I use a principal component analysis (PCA) model - a first cousin of the factor model - to recognize technical trading patterns in stocks as they form.  PCA modeling is mostly empirical as something like future stock prices can never be fully explained (as the market has recently reminded me).

My PCA uses a combination of continuous and dichotomous variables to recognize patterns as they form.

The continuous variables include things like normalized trends and variance to moving averages.  However, because these are empirical metrics, I can't use beta coefficients as factor multiples to produce any type of  meaningful information.  Rather, I have to rely on the size of my universe of stocks (currently 400 names) to convert these continuous measurements into discreet variables.  By doing this, I am able to evaluate individual measurements and occurrences in context of a large population.

For example, let's say we have a universe of 5 stocks and want to identify which one is most likely to experience a mean reversion.  Assuming we're only using one variable, variance to the 20-day moving average, we would collect all of their measurements and sort them high to low.  The highest measurement would be assigned a discreet value of '5' and the next would be assigned a discreet value of '4' and so on.  Using these discreet values, we gain immediate insight into each stock in relation to the overall population.

Again, dichotomous variables can only assume one of two possible values.  Like flipping a coin, there are only two possible outcomes... except when a coin lands perfectly on its side which is amazing to witness, but I digress.  However, unlike flipping a coin where the outcomes are equally likely if you're using a fair coin, dichotomous variables don't have to have equally probable outcomes.

In my PCA equity model, I use dichotomous variables to identify absolutes... like if a stock is trading above its 50-day moving average, or if the relationship between the 20-day and 50-day moving averages is positive or negative.

Here again, the size of my population comes into play because each outcome has to be assigned a value.  Using our previous example of a 5 stock universe, we could assign a value of '1' to a positive observation and a value of '0' to a negative observation (this would constitute a Bernoulli variable by the way).  But if we have a population of 400 names and are using multiple variables, a simple '1' and '0' would probably not be effective in expressing the observation.  Therefore, I typically use larger measurements depending on the aggregate of the discreet variables.

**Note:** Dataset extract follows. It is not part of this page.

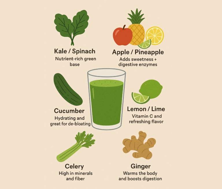 Apple / Pineapple → Adds sweetness + digestive enzymes

Another type of variable that I have used in predictive modeling is what I refer to as a 'dispersion variable.'  Again, by utilizing a population, we can compare individual observations and metrics relative to a larger population to produce insights.

Dispersion variables compare a measurement relative to the population and test whether that observation falls outside of a defined dispersion metric like 1 standard deviation above the population mean or 1.65 standard deviations below the population mean.  This differs from a dichotomous variable in that a certain values are assigned to metrics that fall above or below various measures.

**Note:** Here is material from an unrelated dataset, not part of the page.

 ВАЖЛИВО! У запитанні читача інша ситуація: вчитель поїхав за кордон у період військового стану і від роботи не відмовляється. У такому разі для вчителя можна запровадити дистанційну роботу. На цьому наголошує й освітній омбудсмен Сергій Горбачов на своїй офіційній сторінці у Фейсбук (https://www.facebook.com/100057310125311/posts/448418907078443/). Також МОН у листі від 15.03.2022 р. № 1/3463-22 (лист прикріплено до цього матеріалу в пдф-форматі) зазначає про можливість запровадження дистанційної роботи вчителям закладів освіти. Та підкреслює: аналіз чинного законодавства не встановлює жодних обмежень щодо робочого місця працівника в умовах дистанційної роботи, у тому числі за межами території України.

For example, when using dispersion variables to rank baseball players, I would take a population of 650 OPS (on base percentage + slugging percentage) measurements and determine which players were more than 2 standard deviations above and below the mean.  Players above the +2 standard deviation metric would be assigned a positive value (somewhat extemporaneously, I'll admit)... let's say of '+5' and players below the -2 standard deviation metric would be assigned a value of '-5'.  Next, players who were above the +1 standard deviation metric would receive a '+3' and players below -1 standard deviation would be assigned a '-3'.  Measurements that fell inside of the +/- 1 standard deviation would be assigned a '0' value.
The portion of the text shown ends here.